• _Work order_
Please, without any pictures, set down exactly the part of the listing below that opens with the line containing "Castlebridge; County of" and closes with the line containing "チャイナボタンの構造ながらも".

• _Entries supplied_
>>>

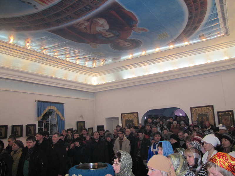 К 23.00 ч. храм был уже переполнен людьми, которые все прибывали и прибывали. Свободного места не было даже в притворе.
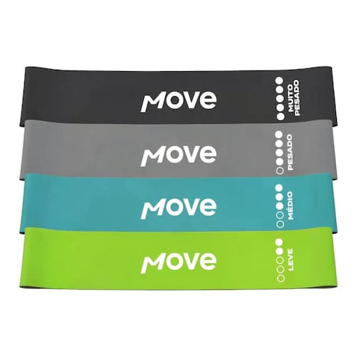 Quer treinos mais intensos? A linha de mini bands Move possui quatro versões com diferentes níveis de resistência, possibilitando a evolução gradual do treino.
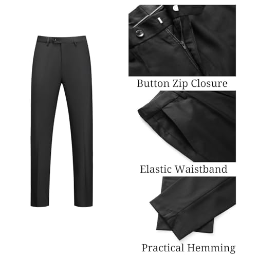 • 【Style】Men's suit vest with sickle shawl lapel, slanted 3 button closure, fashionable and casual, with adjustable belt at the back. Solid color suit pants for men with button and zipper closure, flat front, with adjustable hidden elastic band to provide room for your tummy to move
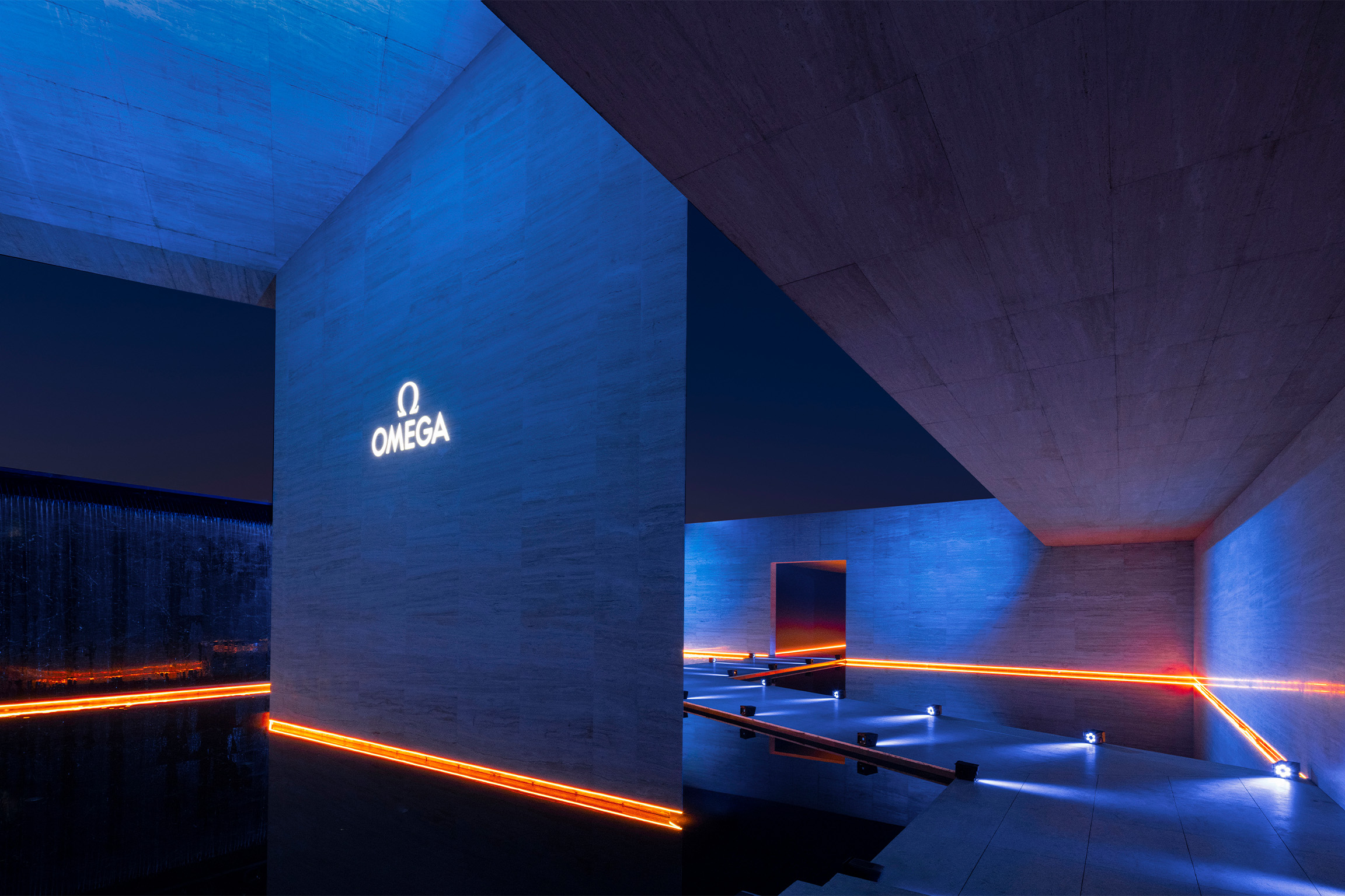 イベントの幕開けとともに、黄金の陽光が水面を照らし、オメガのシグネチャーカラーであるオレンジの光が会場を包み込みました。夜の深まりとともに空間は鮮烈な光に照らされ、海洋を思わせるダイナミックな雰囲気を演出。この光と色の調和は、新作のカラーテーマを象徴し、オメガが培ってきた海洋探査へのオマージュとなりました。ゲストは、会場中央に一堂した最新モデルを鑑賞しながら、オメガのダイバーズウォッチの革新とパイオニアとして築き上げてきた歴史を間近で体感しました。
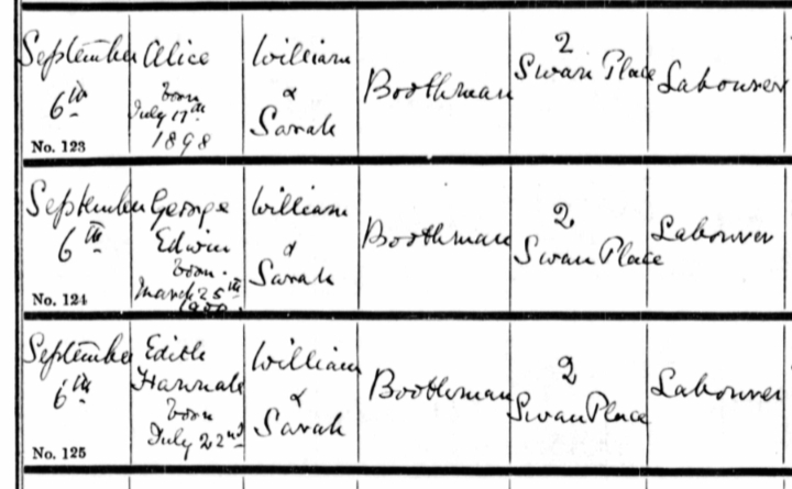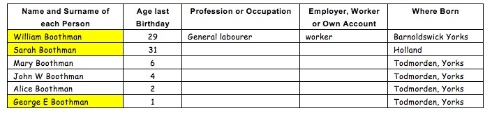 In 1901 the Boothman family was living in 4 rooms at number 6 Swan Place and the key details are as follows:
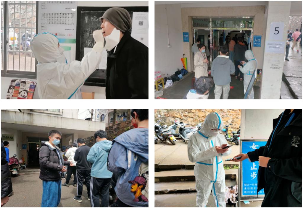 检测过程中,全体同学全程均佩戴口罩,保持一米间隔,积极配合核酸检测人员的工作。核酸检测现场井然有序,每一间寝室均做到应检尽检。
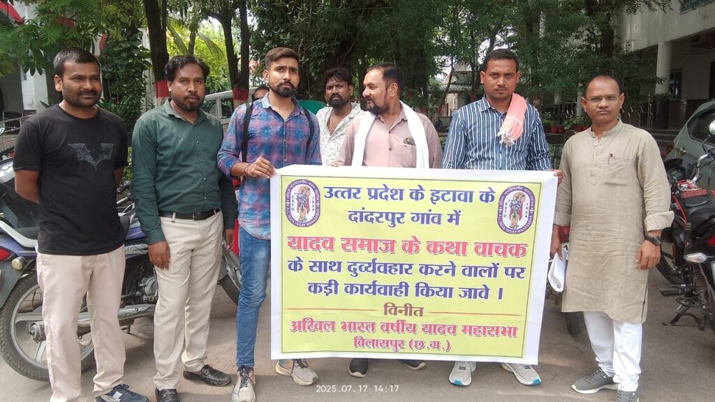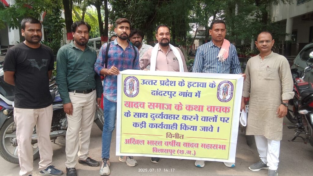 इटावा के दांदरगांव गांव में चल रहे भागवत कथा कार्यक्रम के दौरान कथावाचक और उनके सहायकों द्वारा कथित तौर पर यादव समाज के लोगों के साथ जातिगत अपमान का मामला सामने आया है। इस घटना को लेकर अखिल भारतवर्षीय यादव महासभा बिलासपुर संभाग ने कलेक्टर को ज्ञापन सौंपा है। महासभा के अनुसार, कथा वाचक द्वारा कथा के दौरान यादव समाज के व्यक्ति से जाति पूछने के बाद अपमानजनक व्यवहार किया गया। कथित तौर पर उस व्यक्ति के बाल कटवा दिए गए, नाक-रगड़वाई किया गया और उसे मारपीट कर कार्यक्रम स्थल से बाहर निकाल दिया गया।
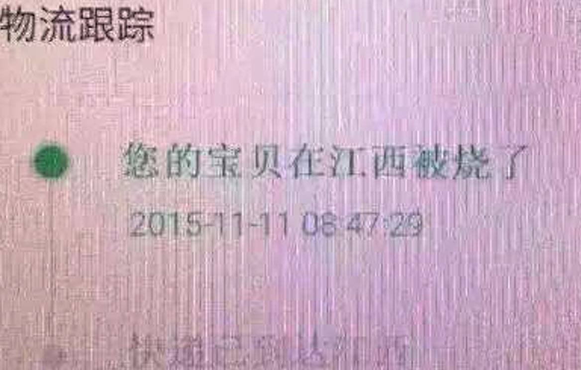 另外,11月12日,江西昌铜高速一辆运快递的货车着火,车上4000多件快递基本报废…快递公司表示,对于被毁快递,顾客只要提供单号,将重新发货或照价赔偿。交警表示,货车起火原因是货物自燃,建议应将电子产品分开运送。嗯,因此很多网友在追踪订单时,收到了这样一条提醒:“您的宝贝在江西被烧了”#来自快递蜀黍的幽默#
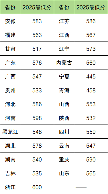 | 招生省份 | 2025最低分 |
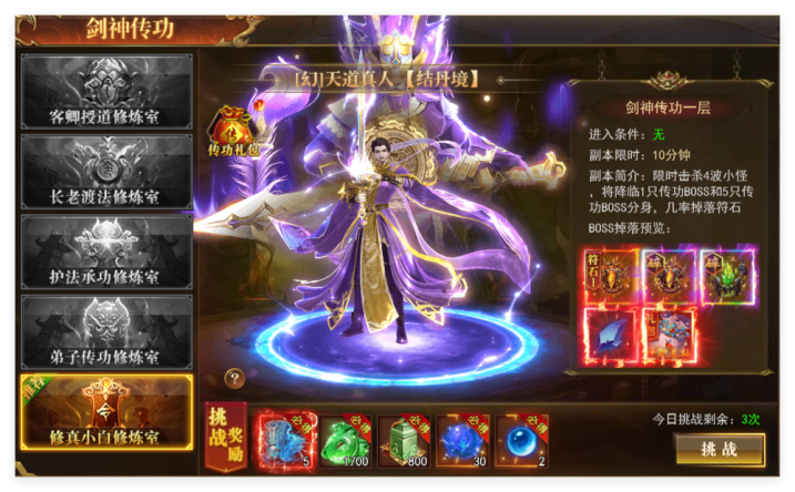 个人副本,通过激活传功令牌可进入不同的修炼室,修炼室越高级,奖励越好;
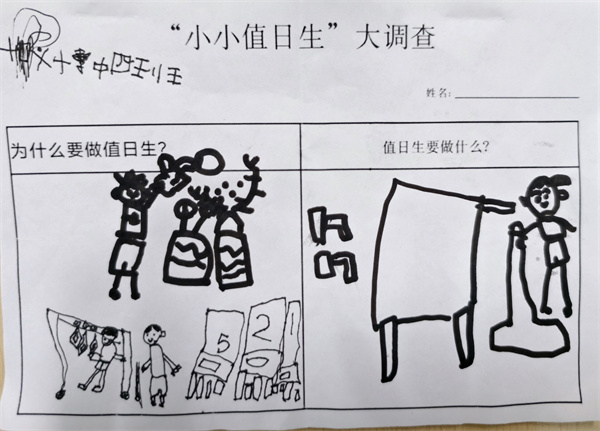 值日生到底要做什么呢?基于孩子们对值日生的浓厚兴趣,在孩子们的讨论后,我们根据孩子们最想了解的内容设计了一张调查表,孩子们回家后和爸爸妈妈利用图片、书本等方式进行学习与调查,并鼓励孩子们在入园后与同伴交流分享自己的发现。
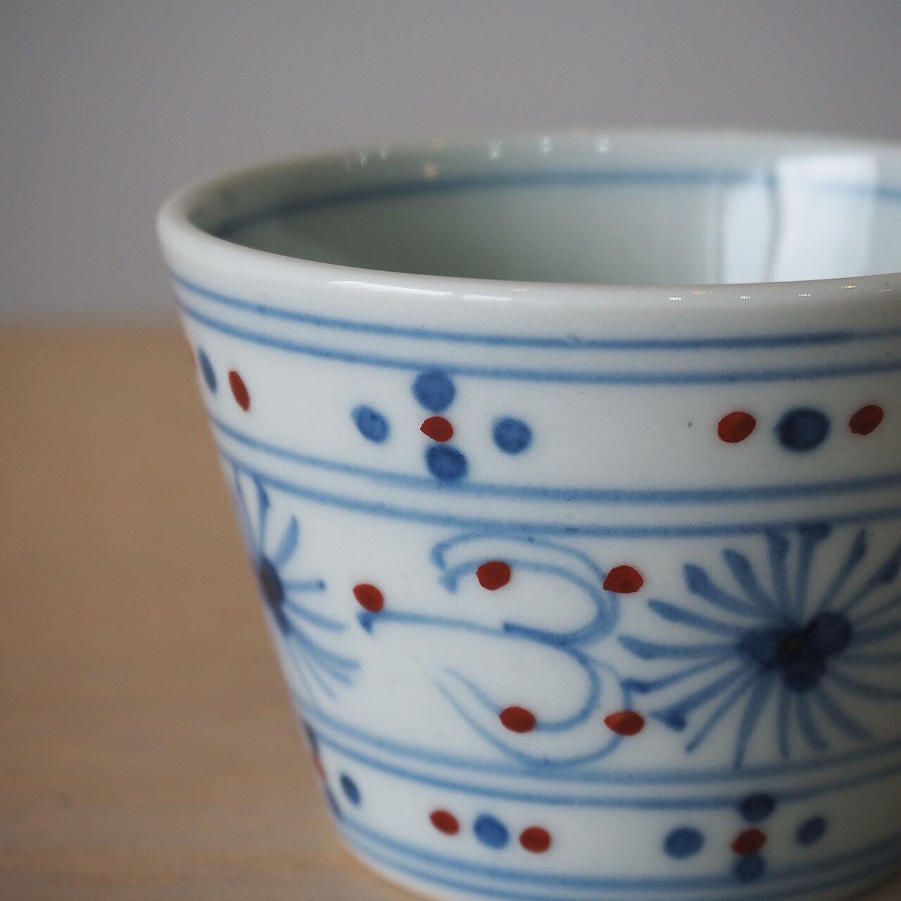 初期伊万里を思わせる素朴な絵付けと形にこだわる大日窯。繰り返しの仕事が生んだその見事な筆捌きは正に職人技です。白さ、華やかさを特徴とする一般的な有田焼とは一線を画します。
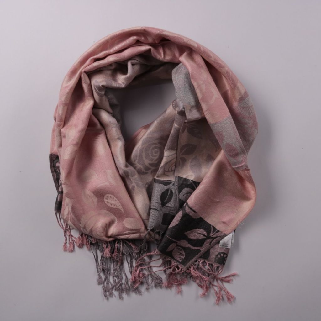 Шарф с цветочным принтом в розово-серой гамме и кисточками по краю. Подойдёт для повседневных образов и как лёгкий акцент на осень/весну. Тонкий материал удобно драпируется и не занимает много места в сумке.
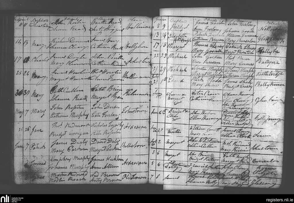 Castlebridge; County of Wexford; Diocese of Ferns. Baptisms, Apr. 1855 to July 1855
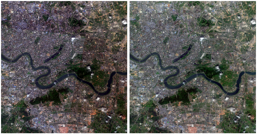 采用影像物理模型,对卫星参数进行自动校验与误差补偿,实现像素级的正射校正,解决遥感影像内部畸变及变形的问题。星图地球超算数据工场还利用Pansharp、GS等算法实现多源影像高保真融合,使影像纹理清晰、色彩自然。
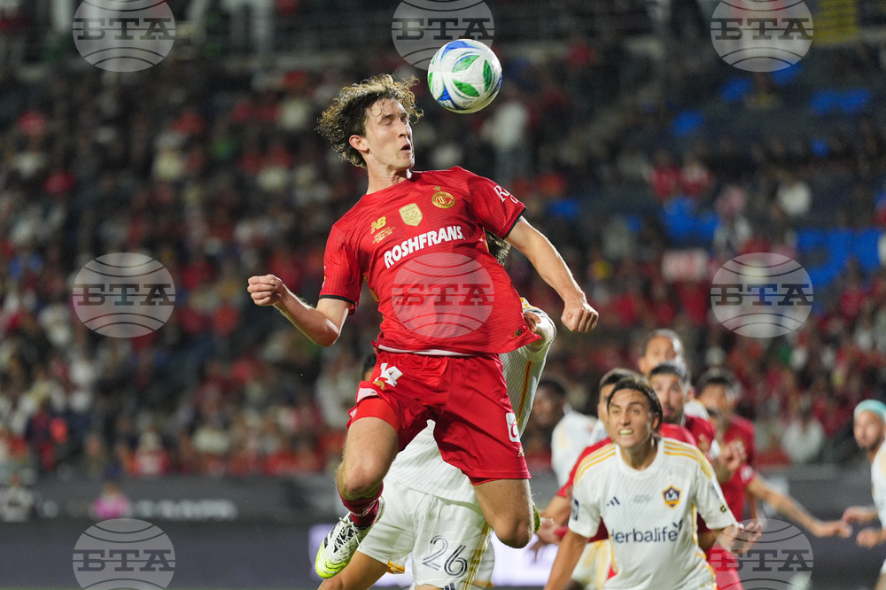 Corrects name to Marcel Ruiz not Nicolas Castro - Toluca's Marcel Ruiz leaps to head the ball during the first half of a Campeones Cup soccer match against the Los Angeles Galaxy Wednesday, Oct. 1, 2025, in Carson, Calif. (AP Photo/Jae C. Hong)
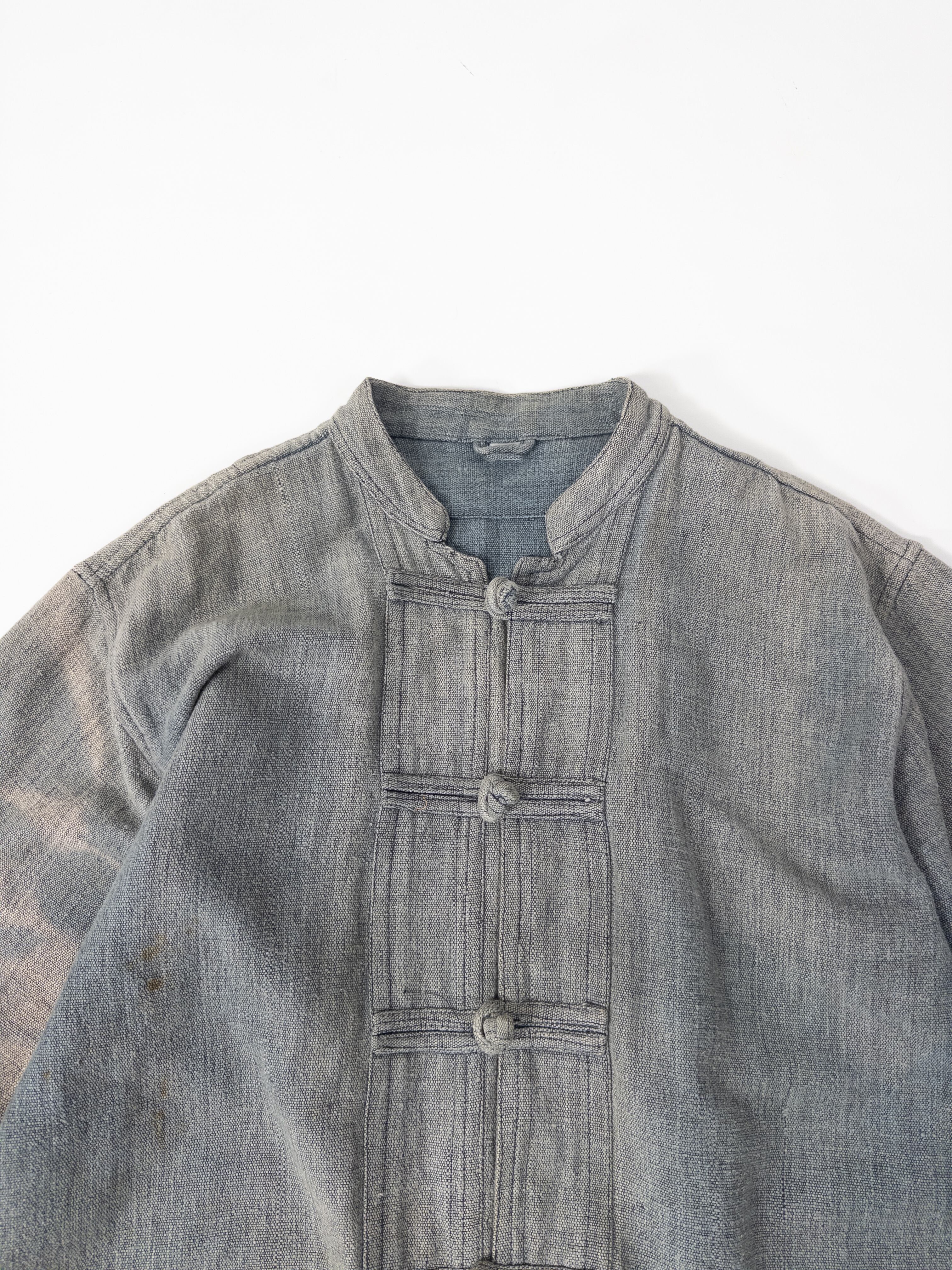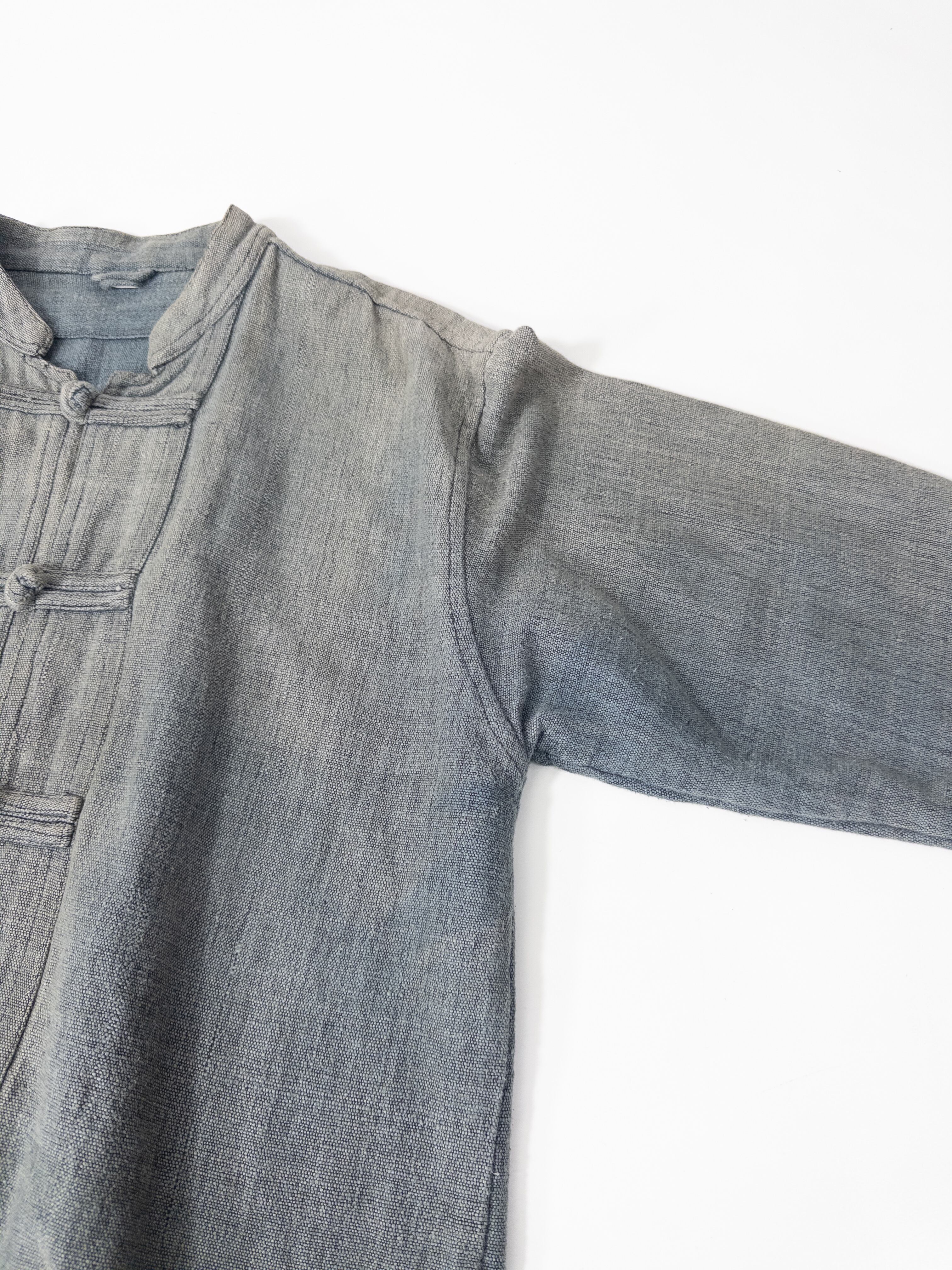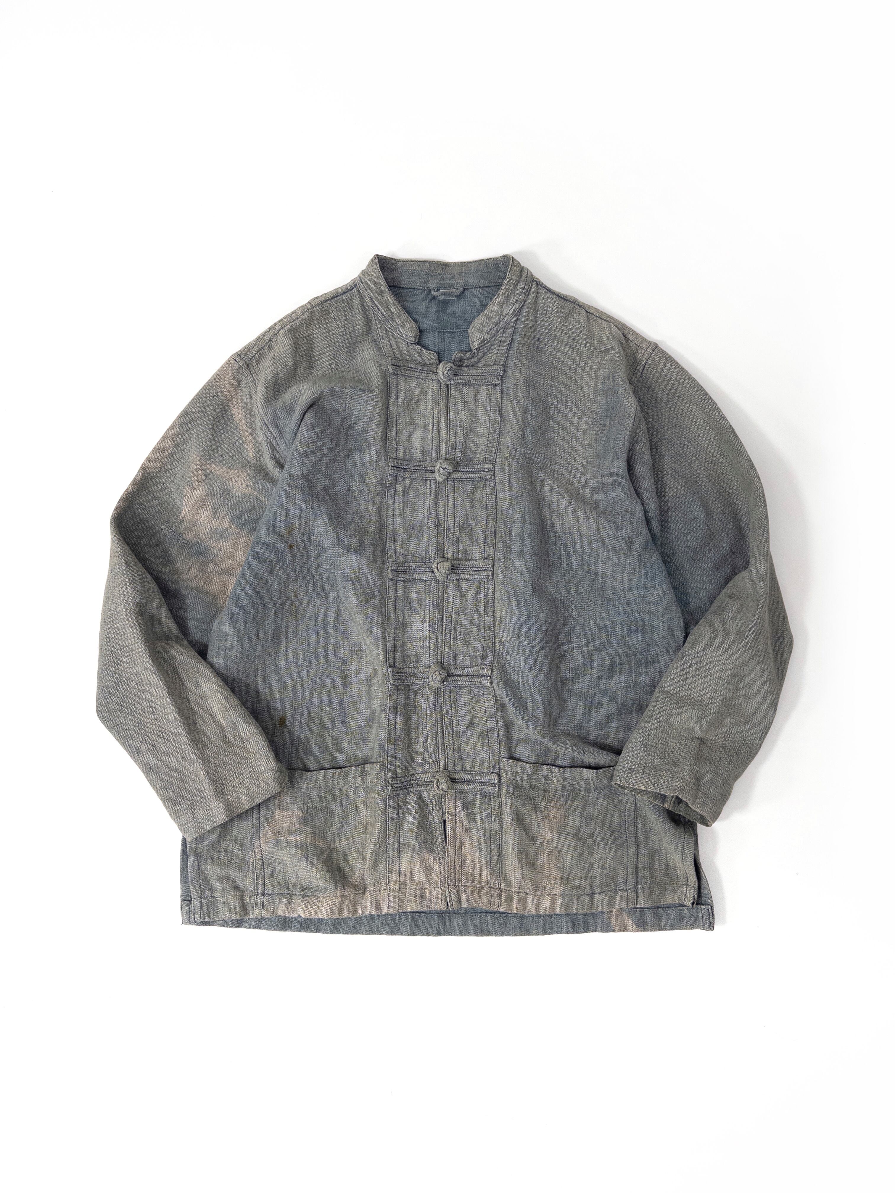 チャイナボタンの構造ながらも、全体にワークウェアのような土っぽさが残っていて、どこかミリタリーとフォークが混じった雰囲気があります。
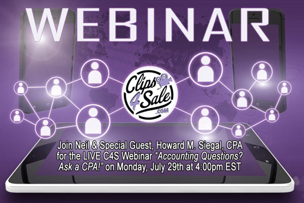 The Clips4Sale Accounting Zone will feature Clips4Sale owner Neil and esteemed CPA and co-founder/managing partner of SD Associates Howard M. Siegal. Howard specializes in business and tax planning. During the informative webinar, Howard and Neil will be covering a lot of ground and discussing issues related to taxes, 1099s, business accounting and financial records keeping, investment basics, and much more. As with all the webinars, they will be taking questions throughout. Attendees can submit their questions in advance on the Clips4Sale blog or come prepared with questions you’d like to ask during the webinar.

<<<

• _Result of this task_
 Castlebridge; County of Wexford; Diocese of Ferns. Baptisms, Apr. 1855 to July 1855
 采用影像物理模型,对卫星参数进行自动校验与误差补偿,实现像素级的正射校正,解决遥感影像内部畸变及变形的问题。星图地球超算数据工场还利用Pansharp、GS等算法实现多源影像高保真融合,使影像纹理清晰、色彩自然。
 Corrects name to Marcel Ruiz not Nicolas Castro - Toluca's Marcel Ruiz leaps to head the ball during the first half of a Campeones Cup soccer match against the Los Angeles Galaxy Wednesday, Oct. 1, 2025, in Carson, Calif. (AP Photo/Jae C. Hong)
 チャイナボタンの構造ながらも、全体にワークウェアのような土っぽさが残っていて、どこかミリタリーとフォークが混じった雰囲気があります。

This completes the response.